I ran my first 5k, when it was 15 degrees out, but it was for a good cause, The Make a Wish Foundation.
I watched all the episodes of “Once Upon a Time” which I love. I guess in order to like the show you have to have an imagination and that is something that has always been a large part of my life. I’ve always been a firm believer in the impossible. Now I’m working on the “Revolution” series which is also action packed and interesting.
I read the “Divergent” series by Veronica Roth. I loved the first two books and the third until the end. The ending was terrible… probably the worst ending to a book since the Great Gatsby. It was depressing and selfish of the author. SPOILER ALERT: Tris, the main character, dies leaving behind the man who loves her. After the various times she has overcome death in the end she overcomes the unthinkable, death serum, and then gets shot and dies. WHAT? Like couldn’t you at least let the girl live happily ever after with the man she loves in the ruins of the city they lived in? HELLO..I don’t read books so that they make me depressed and doubtful. I read them because they give me hope, they let me live lives I’ve never dreamed of, see different points of views, and experience things I can’t in this world. Killing the main character was the wrong choice. I wonder what made her make that decision. Why couldn’t she giver her the opportunity to live, killing her didn’t prove any points or add to the book. It almost made me regret reading the series in the first place. It’s like rooting for someone the whole time just to find out at the end when they are so close to freedom that they succumb to their injuries. DUMB.

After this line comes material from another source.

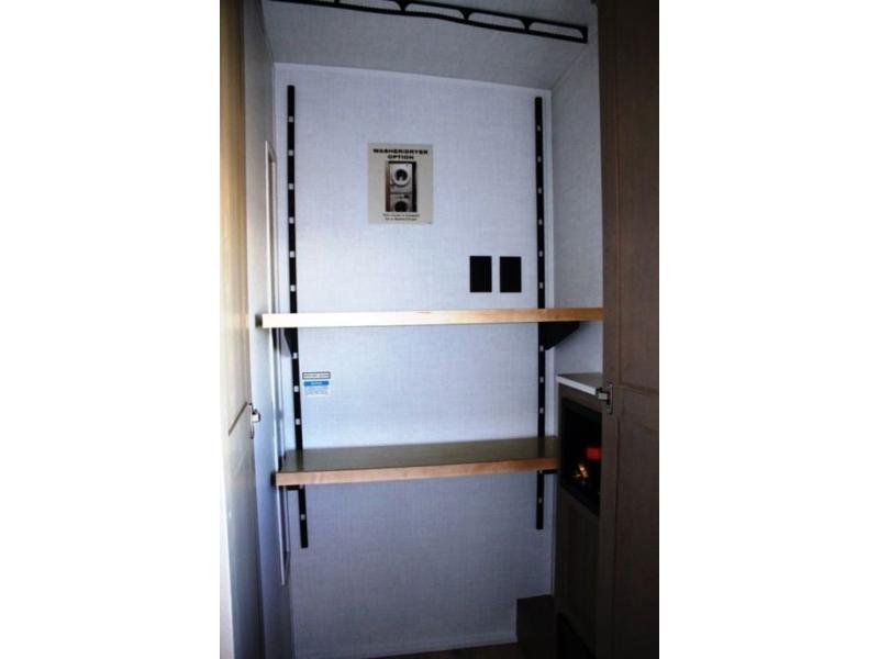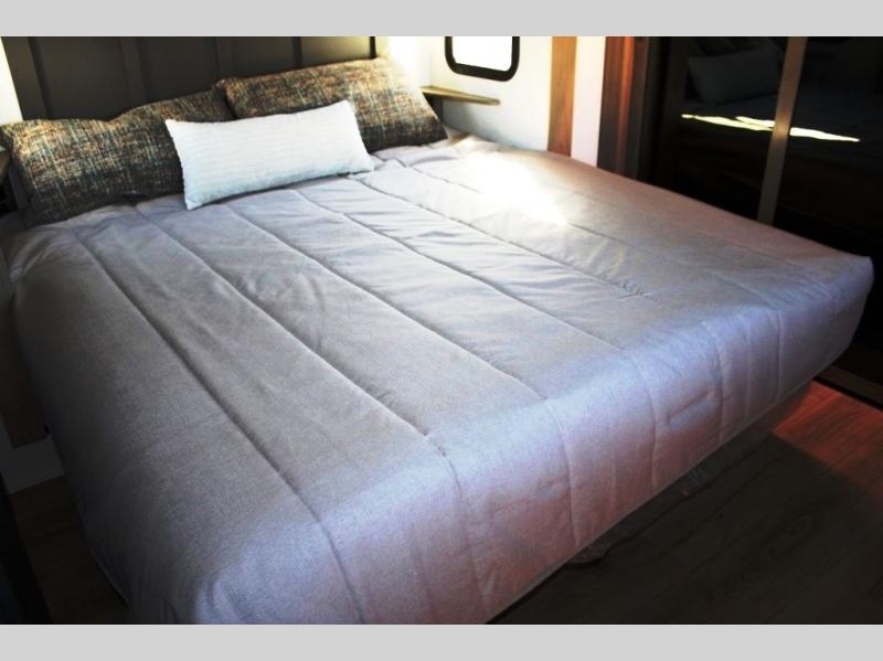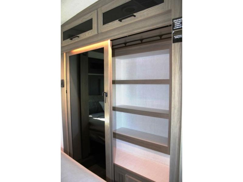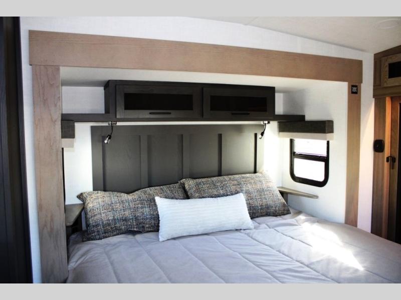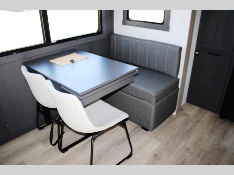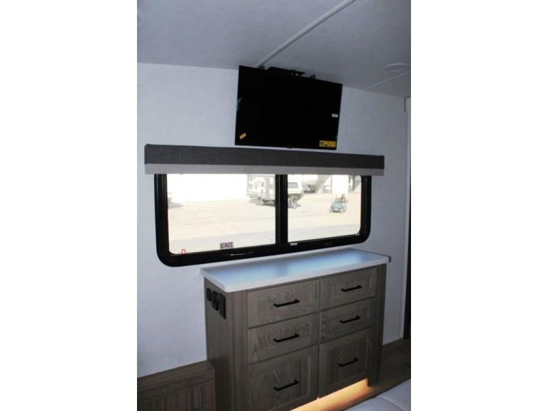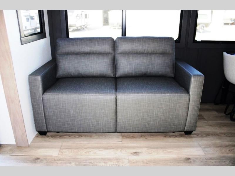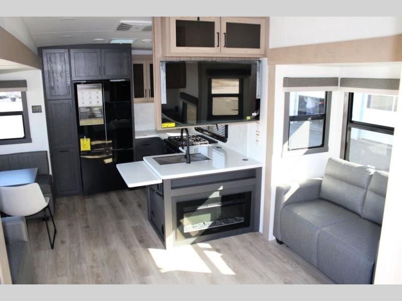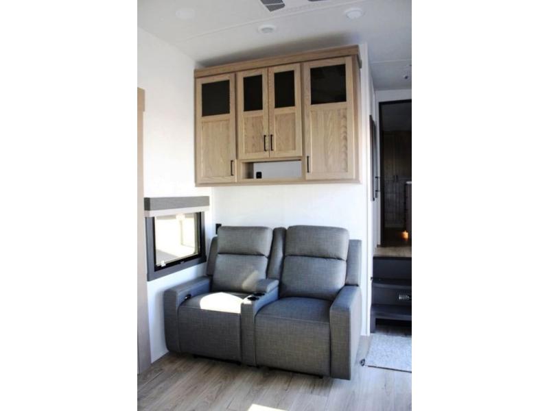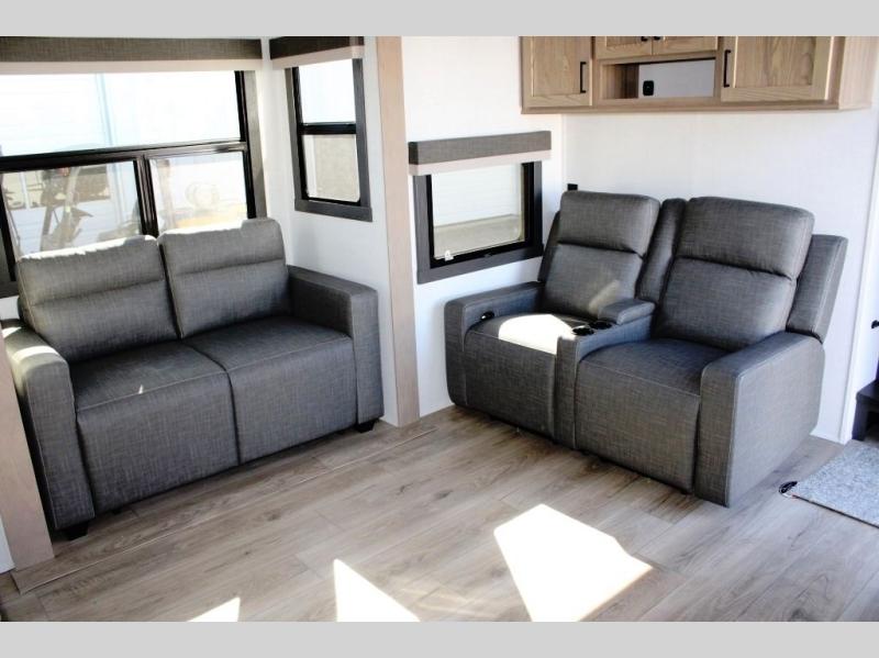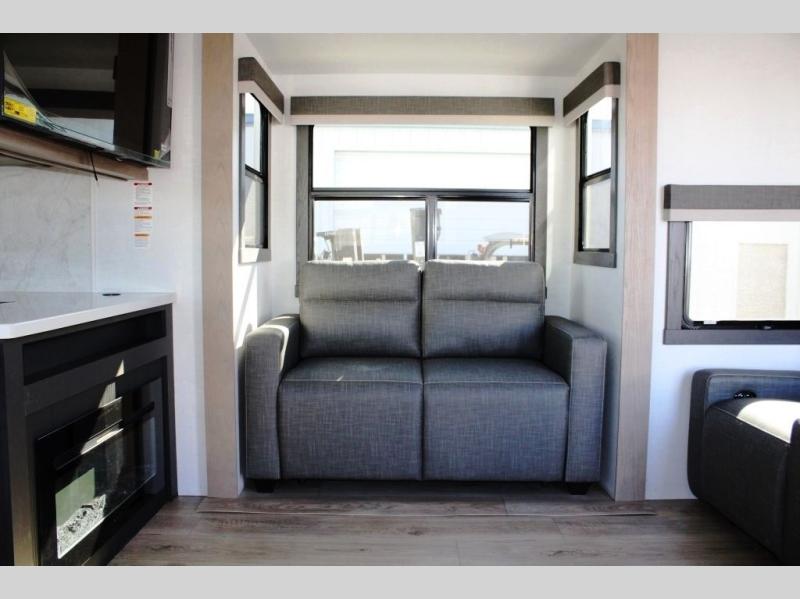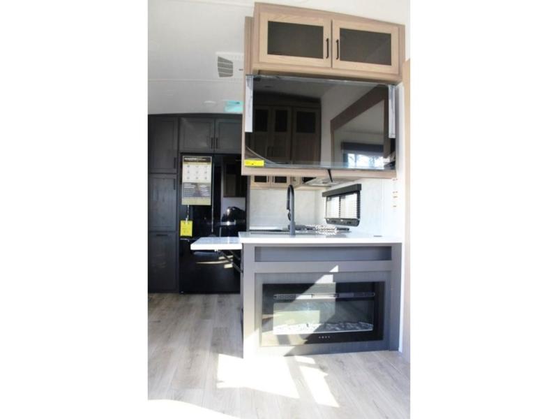 This rear kitchen fifth wheel is the perfect coach for a couple, or one that likes to entertain overnight guests. With two hide-a-bed sofas, one 60" and the other 68", you will have plenty of room for taking along extra family or friends on your adventures. The kitchen is tucked in the back and features a u-shaped counter area, and there is a table, chairs & bench within the slide that houses the 68" HAB sofa. You could also choose the optional theater seating in place of this hide-a-bed if you don't need the extra sleeping space. There is also a 60" theater seat for movie night opposite the TV/fireplace. Head up the steps to your private front bedroom with slide out queen bed, dresser, and large wardrobe with washer and dryer prep. The bathroom is at the top of the steps up and includes a large shower, linen cabinet and sink, plus a toilet. This unit also features ample storage on the outside as well as on the interior.

Sometimes I’m really glad I don’t have a roommate, then there is no one to call me an alcoholic when I enjoy a glass of wine after work every night. Wine has been my best friend these days. Wine, coffee, and books that is.
I enjoyed spending time with my family over Thanksgiving and will enjoy it even more for Christmas in a couple of weeks. My relatives always ask me about why I don’t have a boyfriend and well the answer is not that simple. No one has set me off, no one has made me a better person, I haven’t found the one yet, sometimes I fear I never will. But one thing I’ll never do is settle. And I’m perfectly content with my decision.
I encourage you to drink more wine, learn new things, experience new emotions, and don’t be afraid to live the life you’ve always wanted. I know there is more to life than a one bedroom apartment and an 8-5 job, I just haven’t found it yet.. but when I do.. I will know.
1) I got new specs.. and I just love them 2) Happy Friendsgiving 3) Make a Wish Foundation 5K
4) The annual Thanksgiving Eve Bar Outing 5) Its crazy what a little mascara & lipstick can do 6) My festive apartment. I heart Christmas!!